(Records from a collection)
_ _ _ _ _ _ _
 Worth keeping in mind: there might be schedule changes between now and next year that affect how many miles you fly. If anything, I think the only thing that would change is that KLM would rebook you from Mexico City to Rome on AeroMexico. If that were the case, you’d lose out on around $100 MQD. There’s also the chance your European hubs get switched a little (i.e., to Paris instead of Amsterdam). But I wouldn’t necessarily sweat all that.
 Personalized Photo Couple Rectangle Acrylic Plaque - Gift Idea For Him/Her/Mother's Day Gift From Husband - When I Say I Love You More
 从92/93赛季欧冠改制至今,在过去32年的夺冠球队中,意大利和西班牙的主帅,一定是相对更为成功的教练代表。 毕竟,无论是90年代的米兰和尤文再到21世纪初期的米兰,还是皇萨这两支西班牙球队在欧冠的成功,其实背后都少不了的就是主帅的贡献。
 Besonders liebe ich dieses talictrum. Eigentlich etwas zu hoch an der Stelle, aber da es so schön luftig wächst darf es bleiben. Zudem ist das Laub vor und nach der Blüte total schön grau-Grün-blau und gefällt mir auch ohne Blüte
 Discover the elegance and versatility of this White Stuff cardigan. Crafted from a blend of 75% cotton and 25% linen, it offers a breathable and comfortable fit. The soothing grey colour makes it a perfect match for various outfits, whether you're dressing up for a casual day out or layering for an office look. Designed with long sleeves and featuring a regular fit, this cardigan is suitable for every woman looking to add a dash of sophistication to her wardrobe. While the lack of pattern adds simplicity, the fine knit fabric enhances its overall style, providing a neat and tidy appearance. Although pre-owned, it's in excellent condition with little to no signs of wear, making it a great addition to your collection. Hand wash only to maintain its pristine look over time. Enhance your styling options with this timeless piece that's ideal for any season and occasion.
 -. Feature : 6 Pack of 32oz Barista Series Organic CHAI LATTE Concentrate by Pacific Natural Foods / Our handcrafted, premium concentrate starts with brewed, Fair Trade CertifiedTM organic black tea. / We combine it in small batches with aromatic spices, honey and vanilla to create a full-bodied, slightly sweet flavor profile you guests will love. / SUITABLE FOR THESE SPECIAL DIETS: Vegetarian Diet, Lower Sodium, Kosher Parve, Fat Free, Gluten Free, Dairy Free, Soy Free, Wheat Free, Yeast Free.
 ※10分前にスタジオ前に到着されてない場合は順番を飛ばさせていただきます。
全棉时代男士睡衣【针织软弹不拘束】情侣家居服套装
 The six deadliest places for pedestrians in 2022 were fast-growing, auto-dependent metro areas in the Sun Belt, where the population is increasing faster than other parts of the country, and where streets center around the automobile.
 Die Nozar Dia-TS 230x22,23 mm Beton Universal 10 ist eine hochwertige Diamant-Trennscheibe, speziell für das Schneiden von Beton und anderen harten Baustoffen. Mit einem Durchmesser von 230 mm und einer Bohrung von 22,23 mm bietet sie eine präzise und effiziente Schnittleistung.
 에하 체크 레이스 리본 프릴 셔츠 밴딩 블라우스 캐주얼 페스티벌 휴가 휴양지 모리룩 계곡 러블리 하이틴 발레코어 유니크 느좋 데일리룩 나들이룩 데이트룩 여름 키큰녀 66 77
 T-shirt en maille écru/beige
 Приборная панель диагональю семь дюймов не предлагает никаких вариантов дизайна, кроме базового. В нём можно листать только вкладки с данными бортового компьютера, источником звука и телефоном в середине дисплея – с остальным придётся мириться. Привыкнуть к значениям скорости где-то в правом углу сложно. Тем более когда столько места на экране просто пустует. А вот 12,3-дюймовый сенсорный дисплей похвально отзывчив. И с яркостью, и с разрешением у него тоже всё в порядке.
_ _ _ _ _ _ _
Restate each entry above word for word.

> [TASK RESPONSE]
 Worth keeping in mind: there might be schedule changes between now and next year that affect how many miles you fly. If anything, I think the only thing that would change is that KLM would rebook you from Mexico City to Rome on AeroMexico. If that were the case, you’d lose out on around $100 MQD. There’s also the chance your European hubs get switched a little (i.e., to Paris instead of Amsterdam). But I wouldn’t necessarily sweat all that.
 Personalized Photo Couple Rectangle Acrylic Plaque - Gift Idea For Him/Her/Mother's Day Gift From Husband - When I Say I Love You More
 从92/93赛季欧冠改制至今,在过去32年的夺冠球队中,意大利和西班牙的主帅,一定是相对更为成功的教练代表。 毕竟,无论是90年代的米兰和尤文再到21世纪初期的米兰,还是皇萨这两支西班牙球队在欧冠的成功,其实背后都少不了的就是主帅的贡献。
 Besonders liebe ich dieses talictrum. Eigentlich etwas zu hoch an der Stelle, aber da es so schön luftig wächst darf es bleiben. Zudem ist das Laub vor und nach der Blüte total schön grau-Grün-blau und gefällt mir auch ohne Blüte
 Discover the elegance and versatility of this White Stuff cardigan. Crafted from a blend of 75% cotton and 25% linen, it offers a breathable and comfortable fit. The soothing grey colour makes it a perfect match for various outfits, whether you're dressing up for a casual day out or layering for an office look. Designed with long sleeves and featuring a regular fit, this cardigan is suitable for every woman looking to add a dash of sophistication to her wardrobe. While the lack of pattern adds simplicity, the fine knit fabric enhances its overall style, providing a neat and tidy appearance. Although pre-owned, it's in excellent condition with little to no signs of wear, making it a great addition to your collection. Hand wash only to maintain its pristine look over time. Enhance your styling options with this timeless piece that's ideal for any season and occasion.
 -. Feature : 6 Pack of 32oz Barista Series Organic CHAI LATTE Concentrate by Pacific Natural Foods / Our handcrafted, premium concentrate starts with brewed, Fair Trade CertifiedTM organic black tea. / We combine it in small batches with aromatic spices, honey and vanilla to create a full-bodied, slightly sweet flavor profile you guests will love. / SUITABLE FOR THESE SPECIAL DIETS: Vegetarian Diet, Lower Sodium, Kosher Parve, Fat Free, Gluten Free, Dairy Free, Soy Free, Wheat Free, Yeast Free.
 ※10分前にスタジオ前に到着されてない場合は順番を飛ばさせていただきます。
全棉时代男士睡衣【针织软弹不拘束】情侣家居服套装
 The six deadliest places for pedestrians in 2022 were fast-growing, auto-dependent metro areas in the Sun Belt, where the population is increasing faster than other parts of the country, and where streets center around the automobile.
 Die Nozar Dia-TS 230x22,23 mm Beton Universal 10 ist eine hochwertige Diamant-Trennscheibe, speziell für das Schneiden von Beton und anderen harten Baustoffen. Mit einem Durchmesser von 230 mm und einer Bohrung von 22,23 mm bietet sie eine präzise und effiziente Schnittleistung.
 에하 체크 레이스 리본 프릴 셔츠 밴딩 블라우스 캐주얼 페스티벌 휴가 휴양지 모리룩 계곡 러블리 하이틴 발레코어 유니크 느좋 데일리룩 나들이룩 데이트룩 여름 키큰녀 66 77
 T-shirt en maille écru/beige
 Приборная панель диагональю семь дюймов не предлагает никаких вариантов дизайна, кроме базового. В нём можно листать только вкладки с данными бортового компьютера, источником звука и телефоном в середине дисплея – с остальным придётся мириться. Привыкнуть к значениям скорости где-то в правом углу сложно. Тем более когда столько места на экране просто пустует. А вот 12,3-дюймовый сенсорный дисплей похвально отзывчив. И с яркостью, и с разрешением у него тоже всё в порядке.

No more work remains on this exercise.